The holidays are a popular time for people to use their cameras. What you need are some tricks for taking better pictures.
You might consider asking your photo staff to produce a slideshow or video about how to take better holiday pictures. Here are a few of my favorite tricks:
- The rule of thirds: Don't center the subject. If you are shooting a sunset, for example, the sun should not be in the middle. Position it within the frame to one side or the other. Have the horizon or the sky take up one-third of the image, not half.
- Back to the light: Don't shoot into the light. Use the light to your advantage, shooting with the sun to your back and in the face of the subject.

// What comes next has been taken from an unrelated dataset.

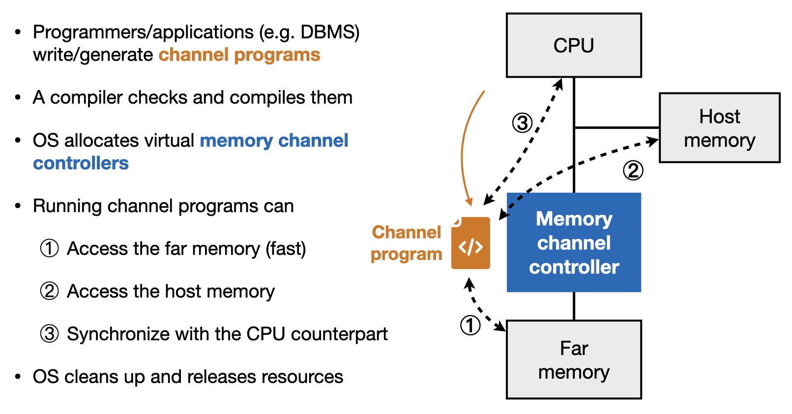 The MCC acts as a programmable unit that sits between the CPU and far memory. Instead of the CPU fetching data byte-by-byte (and stalling on latency), the application sends Channel Programs to the MCC. By executing logic directly next to the data, the MCC eliminates costly round-trips over the CXL link, hiding the high latency of far memory while freeing up the host CPU for other tasks.

- Compose with the background in mind: There is nothing worse than having a tree poking out from behind a person's head or having random people in the background who distract from the image. What does the background convey about the setting?
- You need great light: Sunrise and sunset are what Kenny Irby, my Poynter visual journalism colleague, calls "the magic hours." The light is mellow and colorful during these hours. Get up early; you will not regret it.

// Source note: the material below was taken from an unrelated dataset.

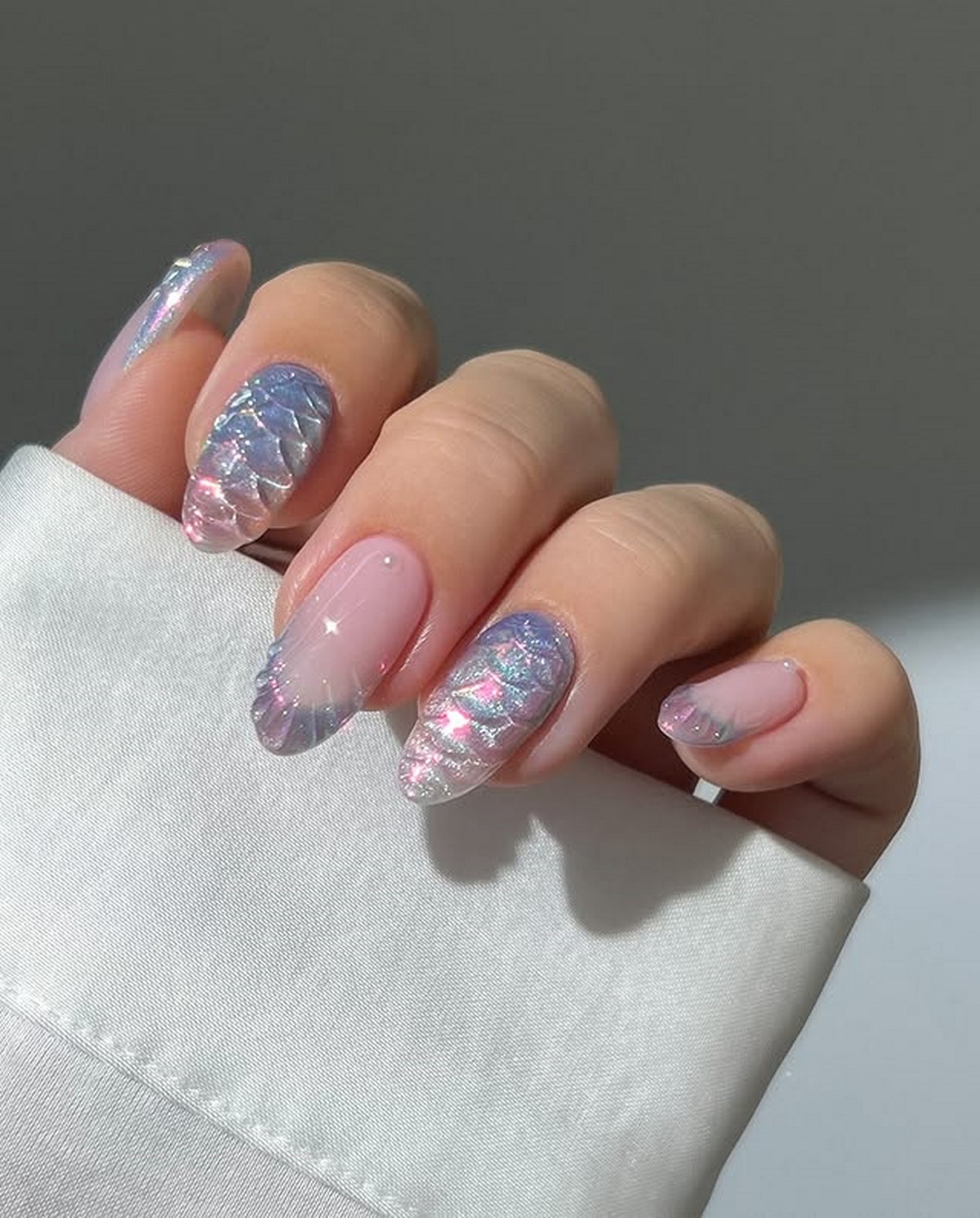 Головна особливість сяючого френча – використання сучасних гель-лаків з ефектом перламутру або дрібного шиммера. На відміну від грубого глітеру, популярного в минулих сезонах, перламутровий фініш створює ніжне, немов морська піна, сяйво, що змінюється залежно від освітлення і кута зору.

- Move closer: Snapshots are notorious for being too far away. Move in. Especially if you intend to post online, close-ups work better than medium or wide shots because images are usually very small online.
- Look for "peak" action: The best pictures occur when the action is at its peak. When someone OPENS a box, the person has a surprised look. THAT is the picture you want -- not a picture of the person after he or she has opened the gift. Take a photo of the hostess delivering the Christmas turkey to the table, not a picture of the turkey.
- Look for reaction: Reaction shots are nearly always the best shots. Anticipate what people will do when they're surprised.
- Tripods: If you are shooting in low light, you need a tripod to steady your camera or you will get a blurry mess. I recently read in David Pogue's New York Times technology blog that the top of a lamp where the lampshade screws on is the same diameter as camera tripod mounts. In a pinch, he says, you can screw your camera onto a lamp to get a steady, even-lit shot.
A word about video
Do not zoom or pan unless you're dealing with a motivated movement. If you are following action, then a pan makes sense, but otherwise don't do it. Zooming is something amateurs do; give kids a camera and they will zoom. Zoom with your feet, not with your lens. Great video with crappy sound is not fun to watch. Move closer, and pay attention to ambient sound that will wipe out the audio you are really trying to capture.
It is usually best to use video cameras that allow for external microphones instead of using built-in condenser mics. Shoot sequences that you can edit together (wide, medium, close-up, super close-up.) Again, shoot actions and reactions. The photographer/videographer should not talk much. Viewers want to hear the subject of the video, not you.
PC World offers some additional
tips for taking holiday photos.
Photographer Tracey Clark also offers some pointers, including:
- Pack the camera -- Goes without saying? I forgot mine last year in the rush to get the car packed.
- Make sure your batteries are charged and you have extras and/or the recharge packed.
- Pack extra memory cards -- Have them empty and ready to fill up.
- Put someone "on photos" -- Our family has someone on drinks, main course, dessert. Why not put someone on photos so that in the craziness of the day they don't get forgotten?